John Wagner was Brice’s
main recruiter of investors. Wagner recruited numerous individuals to
participate in the scheme, many of whom were relatives. Wagner also
held investor meetings at the business office he set up to perpetuate
this scheme, and gave presentations to investors to convince them to
participate in the scheme. Wagner set up a company called Family
Connections LLC, which was used by him to participate in and perpetuate
the scheme.
The investors were
encouraged by Wagner to buy 3-4 properties at a time, for “no money
down.” They were given $10,000.00 per property back at closing by Brice.
Wagner was generally given $1,000.00-2,000.00 by Brice to locate and
bring in the investors. Wagner was also instrumental in obtaining the
false down payment monies “fronted” for the second sales; Wagner
instructed investors to provide these monies, explaining that they were
helping other investors by loaning them money to purchase properties.
The investors who provided the down payments received their fronted down
payment plus $500.00 back at closing; Wagner sometimes received
additional monies from Brice subsequent to closing for obtaining the
down payment monies.

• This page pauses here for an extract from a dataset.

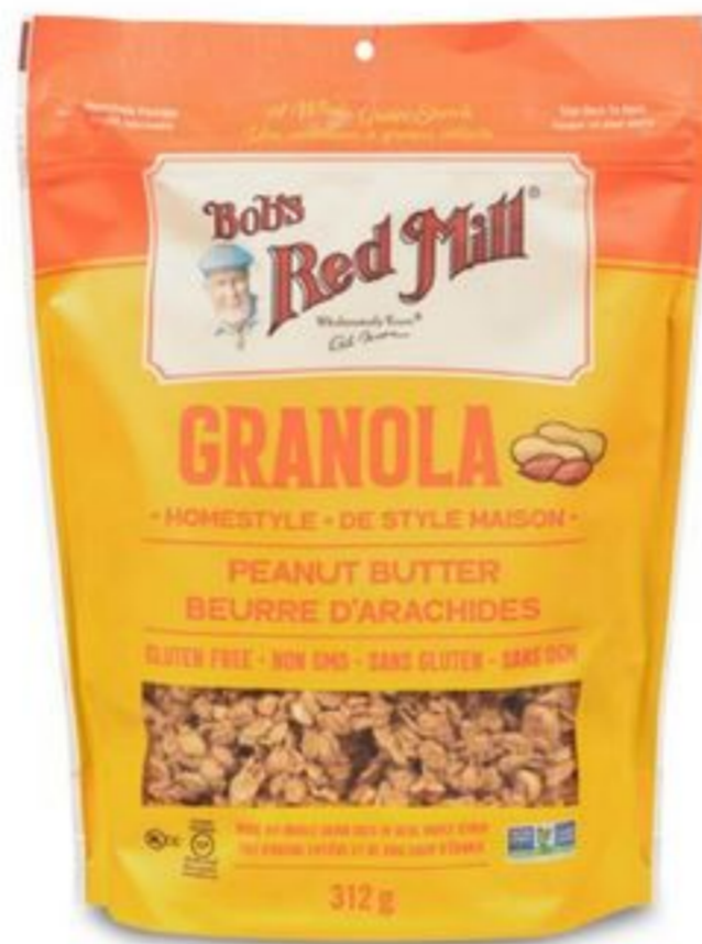
Bob's Red Mill Granola 312g $7 99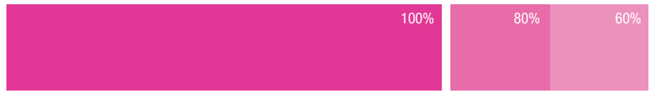
World Archery Pink

In addition, Wagner provided the upfront money for
the first (cash) sales on some occasions. After the second closing,
Wagner received this money back, plus several thousand dollars per
property for providing the money.
All of the fraudulent
mortgages were obtained thru ABN-AMRO, a Michigan lender. Brice
submitted false loan packages to the lender to obtain the mortgages.
Along with the fraudulent appraisals, the loan packages included false
loan applications, showing that the investors had assets and bank
account balances far in excess of what they had. ABN-AMRO approved and
financed at least eighty-three loans, based upon the false documents
submitted by Brice. Wagner was directly involved in fifty-three of the
eighty-three loans obtained by Brice. The total amount of those 53
loans was approximately $2,666,400.00. The total amount of loss suffered
by ABN-AMRO on these 53 loans was approximately $1,753,600.00.
Wagner will be required
to serve 2 years supervised release following his release from
imprisonment. Wagner was also ordered to make restitution in the amount
of $1,753,600.00.
Charged with Mortgage
Fraud and ID Theft 02/2007
Erick Ramon Anderson, 30,
Indianapolis, Indiana, was indicted for 7 counts of identity theft and 4
counts of bank fraud.
The indictment alleges that
Anderson purchased five Indianapolis, Indiana properties and obtained or
attempted to obtain two vehicle loans using the personal identifiers of
three men, including their social security numbers. These men do not
know Anderson and had not given permission for him to do this. The
indictment additionally alleges that Anderson committed bank fraud by
depositing $13,800 in funds from four different checks purportedly
authorized by a fourth man into an account that Anderson controlled.
The fourth man gave no such authority.
Anderson faces a maximum
possible prison sentence of up to 15 years on each count of identity
theft and a maximum possible fine of $250,000 for each count. Anderson
faces an additional possible prison sentence of up to 30 years for each
count of bank fraud charged in the indictment, and a maximum possible
fine of $250,000 for each of those counts.